The mainly Muslim country of 85 million people has been ruled since 2002 by the Islamic-rooted party of President Recep Tayyip Erdogan, the most important leader since Mustafa Kemal Ataturk, the founder of the Turkish republic.
Erdogan's two-decade rule was tested in this month's presidential election, but he goes into Sunday's runoff as the firm favourite.
Here are five things to know about Turkey:
- In search of lost glory -
At its peak, the Ottoman Empire ruled a large arc of territory that stretched from the Balkans to modern-day Saudi Arabia and across the Mediterranean to North Africa.
But the empire suffered centuries of decline, culminating in its defeat along with other Central Powers in World War I and its subsequent collapse.
After a war of independence, Turkish military leaders led by Ataturk were able to salvage a state, which became the Republic of Turkey in 1923.
A century later Erdogan is on a drive to rebuild the country's Ottoman-era influence and turn it into a global power.
NATO member Turkey has attempted to straddle the divide between East and West by developing close ties with Russia, which Erdogan has used to try and play peacemaker in Ukraine.
- Secularism debate -
Ataturk, Turkey's first president until his death in 1938, made French-style secularism -- the separation of state and religion -- one of Turkey's founding principles.
Critics accuse Erdogan of chipping away at that principle and turning Turkey away from the West.
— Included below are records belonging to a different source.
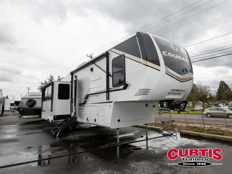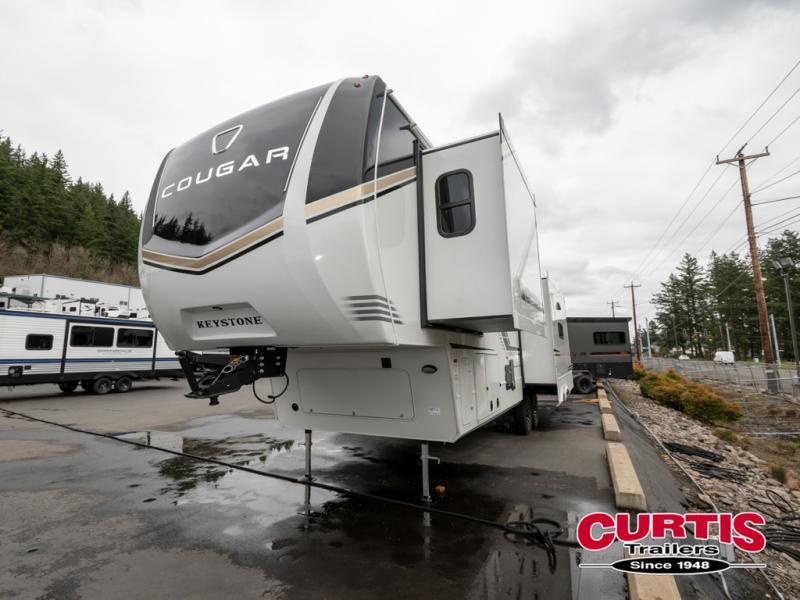 Spend more time having fun and less time worrying about your RV with the Keystone Cougar fifth wheel! These units have all that you will need for excellent vacations. The interior comes hardwood cabinet doors, solid surface kitchen countertops, an Oxygenics shower head and hose, plus a Vent-All window system. You will also appreciate the 12V charging stations throughout, the dual zone Bluetooth audio system, and the on-demand water heater for added comfort. The exterior is also fully outfitted with a convenience center, MaxTurn technology, Lippert axles with anti-lock braking system, and a Curt Road Armor shock absorbing equalizer for smooth towing. Each model is available with the optional Hero Edition. By choosing this edition, you can help support our nation's heros and their families by contributing to the Wounded Warrior Project. This optional package features an industry exclusive full-body paint matte finish, frameless windows, a glass entry door, blackout rims, and green LED exterior accent lighting; see dealer for more details!
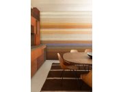 Vliesové obrazové tapety na zeď, jemně plastické látkové textura, odstíny oranžové, béžové, fialové a hnědé, horizontální pruhy. Tapety má navazující vzor, pokud potřebujete pokrýt širší stěnu, stačí přikoupit další kus. Co vás zaujme: odolnost, snadná úd
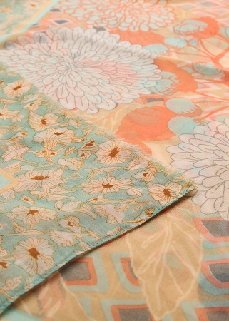 Vacker scarves tillverkad av 100% återvunnen polyester. Den har en rektangulär design och ett färgglatt blommönster. Det är den perfekta accessoaren för att piffa upp vilken outfit som helst.
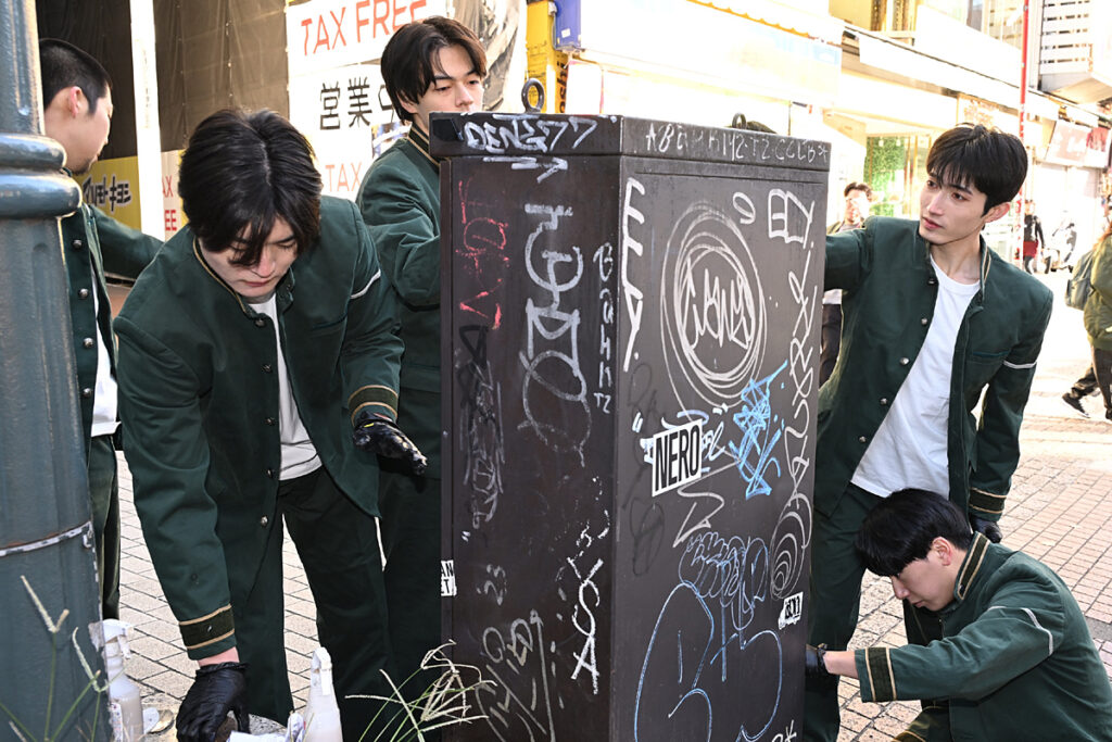 まだ静けさの残る早朝の渋谷に、ツナギ姿の水上、綱、濱尾が集結。「渋谷の街をキレイにします!」と気合十分に、渋谷区環境整備課職員のレクチャーを受けたのち、緑の学ランに身を包んだ<防風鈴>の生徒たちとともに落書き清掃を開始。

The president, who scrapped curbs on wearing the Muslim headscarf and turned the iconic Hagia Sophia museum in Istanbul back into a mosque, says Turks should be allowed to express their religious beliefs openly.
- Scarred by coups -
Turkey's powerful military toppled governments in coups in 1960, 1971 and 1980.
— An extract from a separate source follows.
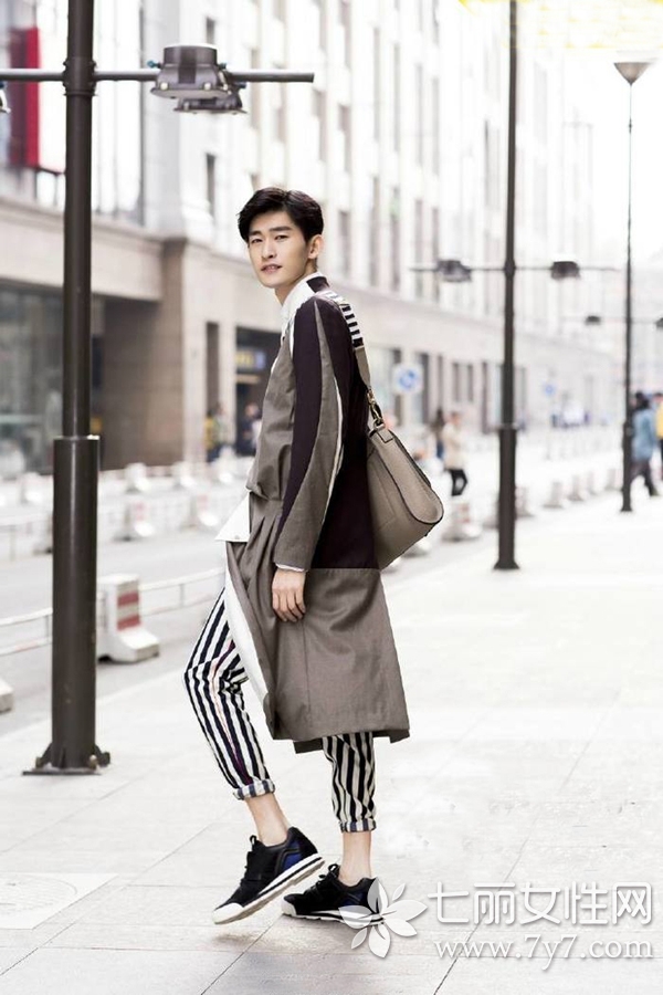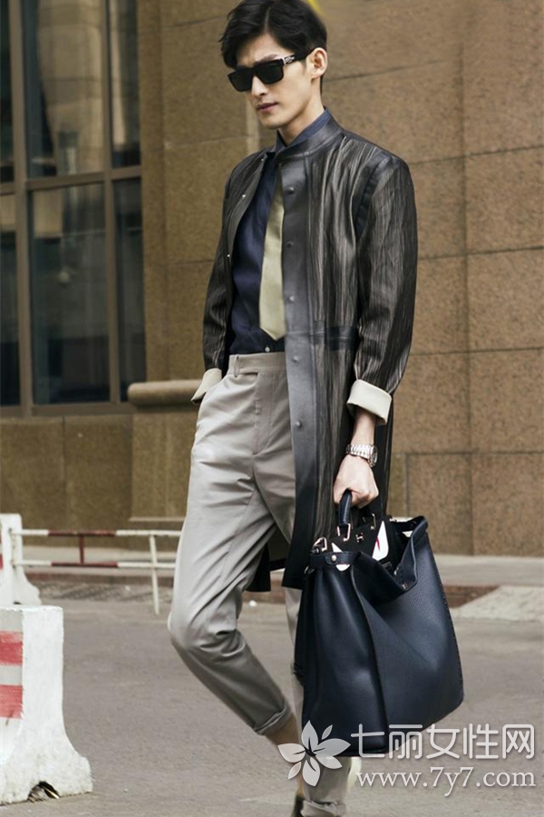 一件长款皮风衣在张翰修长身高的衬托下,显得颇为大气时尚,宝蓝色衬衫与高腰灰色西装裤组成的内搭,把那双大长腿呈现到了极致,一条长裤被生生穿成九分裤。男神必备的真皮提包,张翰也没忘记带出街,整体看上去特有时尚大老板的感觉。

The 1960 coup was followed by the hanging of ousted prime minister Adnan Menderes -- Erdogan's political hero -- along with two ministers.
Erdogan clipped the wings of the military but was himself the target of a July 2016 coup attempt by a renegade army faction.
He blamed the failed putsch on a one-time ally, the US-based preacher Fethullah Gulen, and seized on it to carry out a sweeping crackdown on dissent.
Some 80,000 people were arrested in the judiciary, army, police, media and civil service.
The EU reacted to the crackdown by freezing its already long-stalled talks on Turkey joining the bloc.
- Building boom/bust -
Turkey's economy went from strength to strength in the first years of Erdogan's rule, powered by a building frenzy.
But a spat with the United States and a gradual rise in interest rates across the West caused the Turkish currency, the lira, to crash and inflation to spiral, tipping the country into its worst economic crisis since the 1990s.
The annual inflation rate hit 85 percent in 2022 -- the highest level since 1998.
The country's woes worsened after a devastating earthquake in February 2023, which killed more than 50,000 people in Turkey and flattened entire city neighborhoods.
- The Kurdish question -
Turkey's largest ethnic minority are the non-Arab Kurds, a people scattered across the mountains of Turkey, Iraq, Syria, Iran and Armenia, who have long complained of oppression.
The outlawed Kurdistan Workers' Party (PKK) took up arms in 1984 in an insurgency that has left tens of thousands dead.
Erdogan in the first years of his rule took unprecedented steps towards giving the Kurds greater political and cultural autonomy.
But when a ceasefire unraveled in 2015, the army cracked down hard on Kurdish areas in southeast Turkey and northern Iraq as well as on US-backed Kurdish fighters in Syria.
The leader of the first pro-Kurdish party to hold seats in Turkey's parliament, Selahattin Demirtas, was also thrown in jail.